Purpose: To examine the associations between physical activity and body mass index (BMI) among females aged 14 to 17 yr.
Methods: A convenience sample of 65 Mexican American, 58 African American, and 49 non-Hispanic white girls in an urban high school in Texas participated in this study. Physical activity was assessed by ankle actigraphy. Average activity per period (before, during and after school) of the day and total activity were derived by a software program as movements per minute. The Center for Disease Control and Prevention 2000 BMI charts were used to calculate overweight status. Pearson correlation coefficient and analysis of variance were used to determine the strength of association and to compare activity levels by BMI status.
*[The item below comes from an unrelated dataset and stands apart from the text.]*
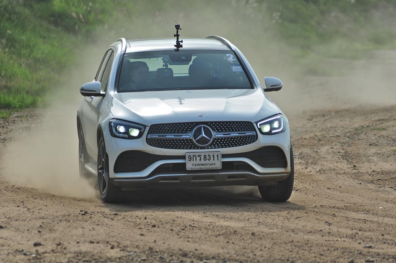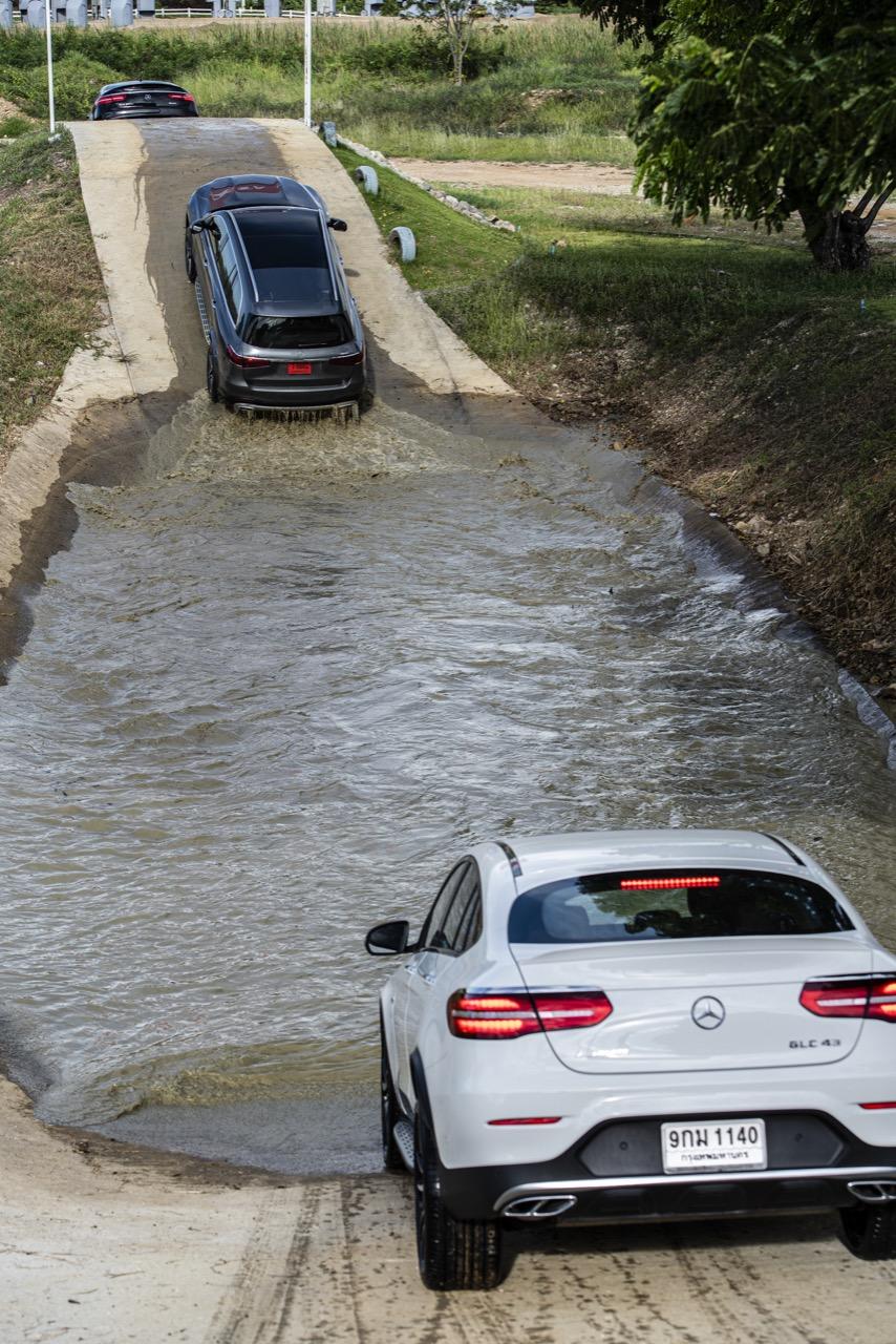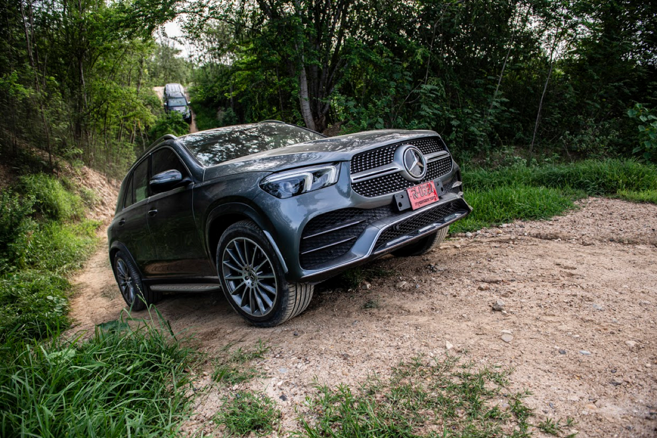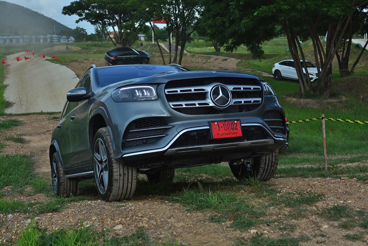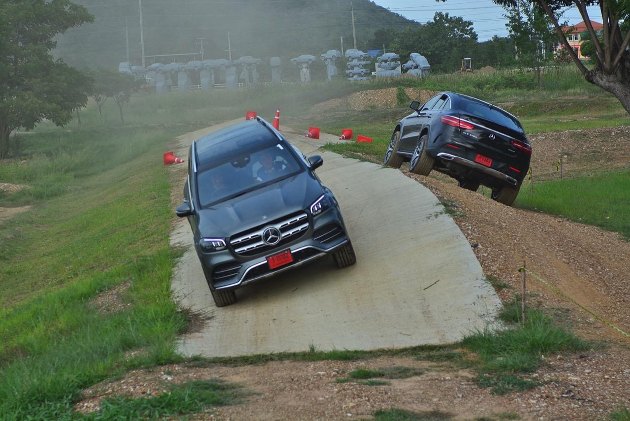 งาน Mercedes-Benz SUV Driving Experience ที่สนามทดสอบการขับขี่แบบออฟโรดของกรังด์ปรีซ์ในอำเภอบ่อพลอย กาญจนบุรี มีความโหดหินเอาเรื่อง สถานีต่างๆ ที่จำลองพื้นที่โหดบนเส้นทางออฟโรด ถูกออกแบบให้ผังและรูปแบบของสนามเหมาะกับรถกระบะขับเคลื่อน 4 ล้อ มากกว่าจะเอาเอสยูวีหรูราคาแพงลงไปลุยแบบจัดหนัก สถานีแรกกับการขับ Mercedes-Benz New GLE300d 4Matic นั่นก็คือ การขับแบบ 4x4 Adventure ความยาวรวม 4.5 กิโลเมตร จำลองสถานการณ์โหดของการขับลุยทุ่งลุยป่า ฝ่าเนินดินที่มีความสูงชัน พื้นที่รอบๆ สนามทดสอบที่เป็นเนินดินสลับป่าละเมาะถูกสร้างขึ้นเพื่อการลุยโดยเฉพาะ เมื่ออยู่บนเส้นทางออฟโรด GLE รุ่นเครื่องยนต์เล็กสุดทำหน้าที่ได้ดี ฮาร์ดแวร์ของระบบขับเคลื่อน 4 ล้อ 4Matic ที่ปรับปรุงใหม่ทำให้ระบบขับเคลื่อนตอบสนองได้เร็วขึ้น ระบบไต่ลงจากเนินสูงชันทำงานไวช่วยประคับประคองไม่ให้ส่วนหน้าของ GLE ทิ่มลงไปบนดินแข็งๆ ซึ่งอาจทำให้เกิดความเสียหาย การปิดระบบควบคุมการทรงตัว ทำให้แรงบิดขณะเร่งขึ้นเนินสูงไหลออกมาเต็มๆ การตะกายไต่ขึ้นเนินเขาสูงชันทำได้ดี ส่วนการถ่ายทอดกำลังและการวางตำแหน่งรถให้ถูกต้อง เป็นหน้าที่ของสื่อมวลชนที่ต้องทำให้ดีเพื่อเอาตัวรอดและหลีกเลี่ยงอุบัติเหตุที่อาจเกิดขึ้นได้หากวางตำแหน่งรถผิดพลาด GLE มีจุดอ่อนที่ใต้ท้องรถ เมื่อเจอทางวิบากหนักข้อก็อาจทำให้ท้องรถติด ระบบขับเคลื่อนทำหน้าที่ได้ดีมากเมื่อลุยฝ่าทางที่เต็มไปด้วยดินและหิน ในชีวิตจริง การขับลุยน้ำท่วมหรือขับฝ่าทางขรุขระมีบ่อโคลนเล็กๆ ไม่ใช่ปัญหาของมัน แต่อย่าหวังว่ามันจะลุยได้หนักกว่านี้ เป็นรถที่ดีและมีบุคลิกตามแบบฉบับของรถอเนกประสงค์ ความใหญ่โตของห้องโดยสาร ให้ความรู้สึกสะดวกสบาย แถมยังควบคุมได้ง่ายจากระบบต่างๆ ที่คอยประคับประคองทั้งบนทางเรียบและทางวิบาก

Results: There was a statistically significant inverse association between total diurnal physical activity level and BMI (r = −0.37; P < 0.05); and a statistically significant association between after-school activity and BMI (r = −0.28; P < 0.05). After adjusting for the effects of age, race, and sexual maturity, total diurnal activity level was 10% less (P = 0.03) for overweight females; for females at risk of overweight, diurnal activity level was 6% less (P = 0.04) than for normal-weight females. Ethnic differences showed an 8% lower activity level among African American than for non-Hispanic white and 6% lower than for Mexican American females.
Conclusion: The study indicated that adolescent females in schools are at risk for inactivity at certain times of the day. Schools in partnership with their communities should assume a major role to promote participation in physical activity among adolescents through innovative activity programs in schools.